If one endorses (CMAG), one should provide substantial argument in favor of the claims that it is essential for Socrates to be human and to have the origins he has, as well as arguments in favor of natural kinds essentialism. But this is not specific to (CMAG). Indeed, for instance, proponents of (CMA) also have to support their intuitions in favor or against the idea that Socrates is essentially human, and Fine’s definitional account is badly in need of argument to this effect. Further considerations are also needed in cases where objects possess dispositional/functional essences.Footnote 43 The question turns out to be whether dispositions are just intrinsic to the objects that possess them or not. Of course, if there are extrinsic dispositions, it is a consequence of my account that they will not count as essential. However, there are also popular views according to which most dispositions are grounded in an intrinsic categorical base and in this case, the account I offer is compatible with these views.Footnote 44
Finally, let us consider the logical property being self-identical which is arguably intrinsic—and therefore essential—to each and every entity. One might think that, prima facie, there is no valuable reason to deny that this property is essential to absolutely everything. However, this is problematic—and yet not specific to (CMAG). For I do not see how one can successfully grasp Socrates’s nature when one is told that ‘part of what it is to be Socrates is to be self-identical’, or that ‘Socrates is essentially identical to himself’.Footnote 45 The very same situation arises with haecceities, because it is clear that, with respect to the essentialist desideratum, one does not grasp what Socrates is if one is told that Socrates is Socrates. Be that as it may, I do not see why we should not make an exception for self-identity and haecceities, taking them to be intrinsic and essential to their bearers no matter what. I contend that this is far less controversial than Denby’s stance on this same issue.
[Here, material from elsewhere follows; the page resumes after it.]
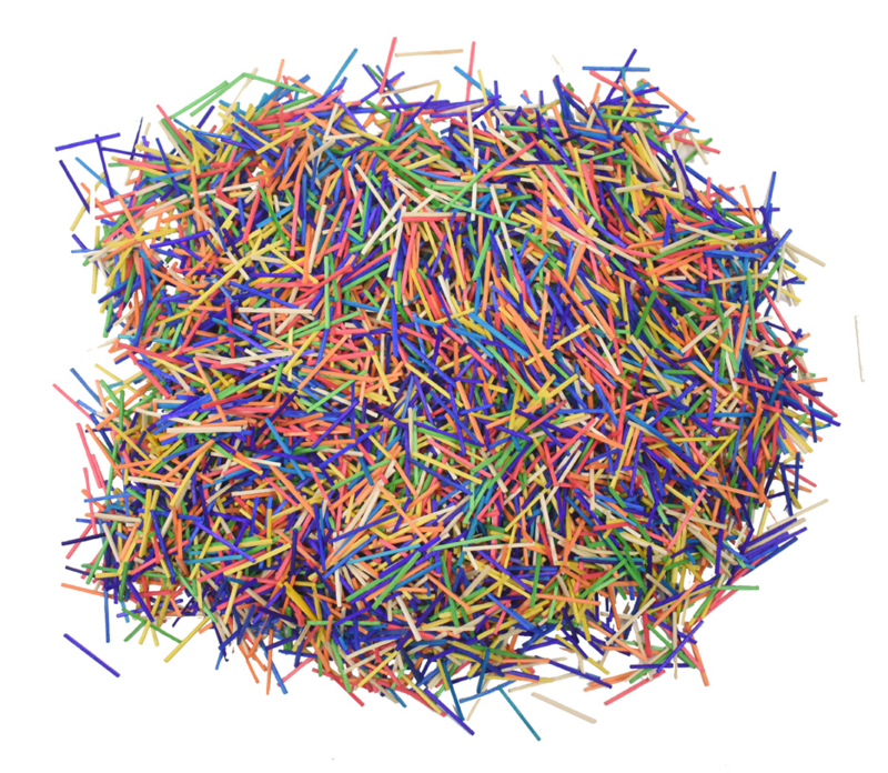 Deze houtjes zijn verkrijgbaar in een gekleurde en een ongekleurde variant. En van beide varianten hebben we zowel een grote zak (ongeveer 5.500 houtjes), of een kleine zak (ongeveer 1000 houtjes)

Given the previous explanations, my first thought is that (CMAG) constitutes a fine-grained yet controversial analysis of essence. On the one hand, it offers a straightforward solution to the essentialist challenge, on the condition, of course, that one accepts the general notion of parthood I have suggested and assumes the grounding relation. The upshot is that (CMAG) allows one to distinguish between the merely necessary and the essential properties of an entity, and provides a clear criterion to single out these properties. On the other hand, by endorsing (CMAG) it is not possible to stay neutral with respect to further metaphysical issues: origin and natural kinds essentialism, if defended, require the endorsement of theses about the mereology and persistence of material objects; and sortal essentialism, if endorsed, forces one to deal with Unger’s Problem of the Many. With respect to these points, (CMA) is metaphysically neutral.
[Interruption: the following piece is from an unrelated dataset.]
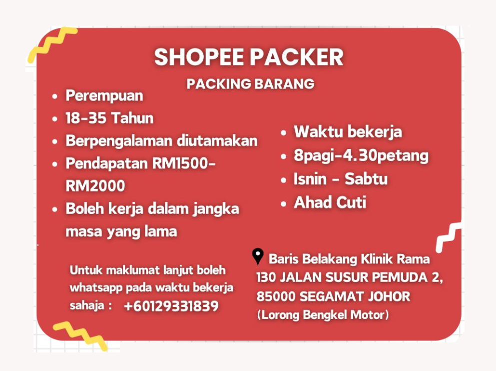 - Bayaran berdasarkan bilangan barang yang dibungkus. (Pendapatan lumayan boleh mencecah sebulan RM1500-RM2000)

To conclude, simple modal characterizations of essence such as (CMA) are, as Fine correctly argues, untenable at the condition of course that one takes them seriously as I did in this paper. Throughout the present discussion, I have argued in favor of the idea that a specific criterion of intrinsicality can be used to successfully address each of Fine’s counterexamples. I am aware that the general picture I propose can be seen as theoretically costly, but I think that we should not overlook its explanatory power: it provides actual as well as possible future answers. Further investigations are needed in order to see if after all, Fine might be right to think of essence as a primitive notion and as prior to modality. Be that as it may, I hope that I have nonetheless shed some new light on essentialism and intrinsicality, and especially on what it takes to defend this idea. It might very well turn out that (G) proves useful if considered on its own or for other philosophical purposes.
Notes
I borrow the terminology of Cowling (2013).
Though see Mackie (2006) for arguments against such sortal claims.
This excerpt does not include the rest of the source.